August 12, 2008 at 9:03 pm
Gavin
Hi Kate, late into the converstation I know, but being a bloke who loves to cook with fresh ingredients, I simply see everyone else who don’t take the time to cook family meals the old fashioned way, as actually missing out on a very important part of their life! Cooking brings out my creative side, and is an expression of my being and I try and create new flavours and colours in every meal. I am no gourmet by any standard, but believe that fresh, wholesome ingredients make for great meals.
During my year long back injury, if I didn’t have cooking and gardening (and blogging of course), I think I would have gone barmey! My family have their favourites of course, but I like to come up with a suprise at least once a week! It keeps it interesting, and the food always tastes better if it is home made with love and is far more nutritious.
Gav
August 15, 2008 at 11:28 am
Cristy
Must just chime late here. I love your post. I have so many friends who do not cook – claim that they “cannot cook” and their decision to live on take-out and repetitive stir-fries every night completely baffles me. However, what bothers me more is when they mock me for being a “Sally homemaker” when I choose to cook. (This is particularly annoying since I used to cook even when I was 18 and they would always invite themselves over for dinner in order to avoid having to cook for themselves.)
Like so many of your other commenters, I genuinely enjoy cooking. I enjoy the creative process, I enjoying discovering new foods and flavours, and I particularly enjoying having full control over what goes into my body (and into my daughter’s too). In fact, for me one of the downsides of travel (in hotels, rather than places with kitchens) is that you are forced to eat out for every meal. Losing that creative outlet and control for too long can be quite unpleasant.

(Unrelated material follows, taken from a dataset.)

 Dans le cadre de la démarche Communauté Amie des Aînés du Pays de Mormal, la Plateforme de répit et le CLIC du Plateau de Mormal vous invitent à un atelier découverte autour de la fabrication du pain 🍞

August 15, 2008 at 11:28 am
Cristy
chime “IN”… sorry.
August 15, 2008 at 11:55 pm
innercitygarden
I hadn’t thought to mention travel food. On some trips the eating out is a fabulous part of the adventure. Other trips I feel I’d be better off food-wise at home. Our last trip I was desperate for a decent coffe the whole weekend, and I just felt sad at the sight of our cooked breakfast arriving on crappy supermarket white “bread”.
September 29, 2008 at 11:00 am
Rebekka
“My partner enjoys just as much as I do, he has the same knowledge of why it’s a good idea to cook at home and eat vegetables, but it doesn’t translate into reading Stephanie Alexander at home.”

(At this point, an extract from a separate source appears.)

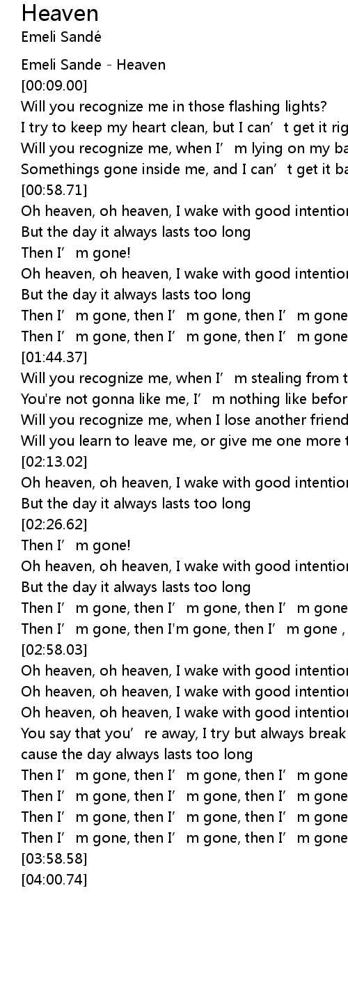 | [01:16.07] | Oh heaven, oh heaven, I wake with good intentions, |

My partner does the majority of the cooking at our place, and is right down with the eating well/eating veg, but I’m still the one who reads Stephanie Alexander. In fact, I don’t think I’ve *ever* seen him follow a recipe, read a recipe or look at a recipe unless I’ve waved a magazine/cookbook/epicure at him saying “doesn’t this look delicious”. And even then he just looks at the picture.
It’s quite strange really, because he’s very literate. And reads two newspapers cover to cover each day.
Can I aks where you get your seasonal box delivered from?
September 29, 2008 at 11:02 am
Rebekka
Also, I can probably think of ten things to cook that take under 15 minutes and are therefore probably quicker than getting a takeaway. And about ten more that take under ten mins prep but a bit longer to cook.
It’s part lack of skills. Part laziness. Part some other thing where you don’t get that veggies aren’t just good for you, they’re also really tasty.